La responsabilité donc ça s'apprend, comme la citoyenneté mais ça se vit à travers le R.I par exemple.
La justice administrative a été saisie suite à un R.I qui nommé "contrat de vie scolaire" a eu pour conséquence de réclamer pour des familles le droit de ne pas se soumettre aux règles de la laïcité dès lors qu'elle n'avait pas signé de "contrat". Jugements en T.A, appels et le Conseil d'État qui en dernier ressort tranche "en particulier sur des questions aussi importantes que l’assiduité ou la laïcité, il ne saurait y avoir de négociations d’ordre contractuel entre l’administration de l’établissement et les usagers du service public de l’éducation quant au contenu d’un règlement intérieur, dont le Conseil d’État a clairement admis que son acceptation sans réserve aucune par l’élève ou ses représentants légaux pouvait valablement conditionner l’admission définitive de l’élève au sein de l’établissement (CE, 14 avril 1995, Koen).
Et donc pour en terminer sur cette notion "d'acte administratif unilatéral", légalement, que l'élève et ses parents signent ou non le Règlement Intérieur et sans importance. De toute manière il sera appliqué.

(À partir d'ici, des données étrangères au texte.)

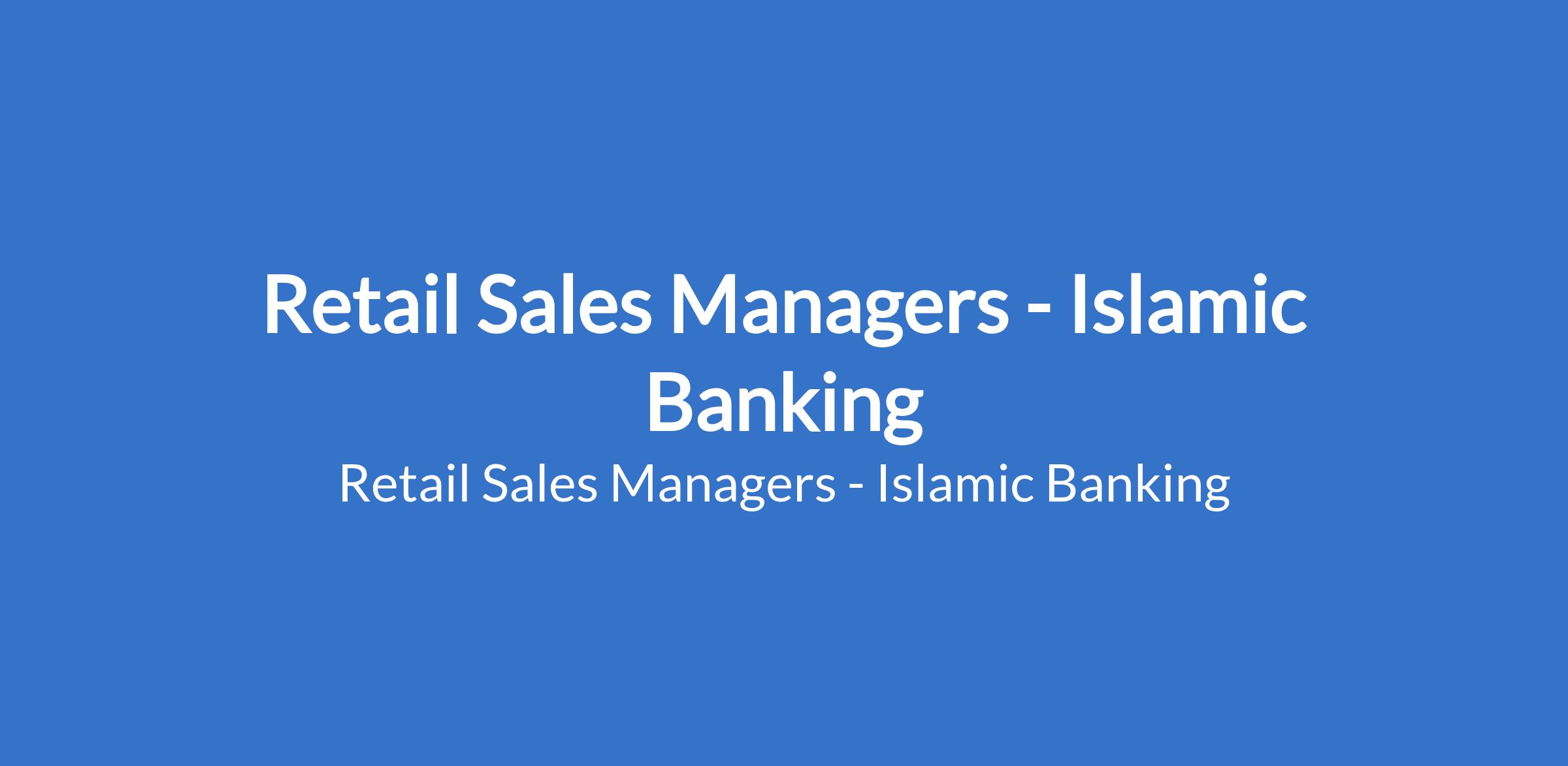 Retail Sales Managers - Islamic Banking

La mention "pris connaissance" est donc largement suffisante et n'introduit pas d'ambiguïté.
Le R.I n'est pas une mesure d'ordre intérieur, qui elle est "insusceptible de recours administratif" et relève de droit du chef d'établissement. Dans les mesures d'ordre intérieur on entend communément la composition des classes, l'affectation des élèves dans les classes, les emplois du temps et n'est donc pas non plus une énumération de ce qui relève de ces mesures. Il convient donc de ne pas trop en mettre, d'où le début de cet article sur "Le Code de l'Éducation n'en fait pas des tonnes ..." mais il dit l'essentiel.
Bernard Toulemonde (ex Recteur, ex Inspecteur Général, aujourd'hui rédacteur de l'excellente revue Éducation et Collectivités et juriste spécialisé dans le droit scolaire) rappelait il y a peu "Dans le cadre scolaire, constituent ainsi des mesures d’ordre intérieur : les mesures affectant les élèves dans une classe ou un groupe de travaux dirigés, les punitions scolaires (mais pas les sanctions disciplinaires), les appréciations portées sur les bulletins de notes des élèves, les emplois du temps des élèves comme des personnels.. " Donc les punitions scolaires avec une éventuelle liste et échelle n'ont pas lieu d'être dans un R.I. Elles relèvent de mesures d'ordre interne prises tant par les professeurs, que les surveillants, que la vie scolaire que ... que ... la communauté éducative. Donc pas de rencontre contradictoire obligatoire, de justification formelle et obligatoire notamment.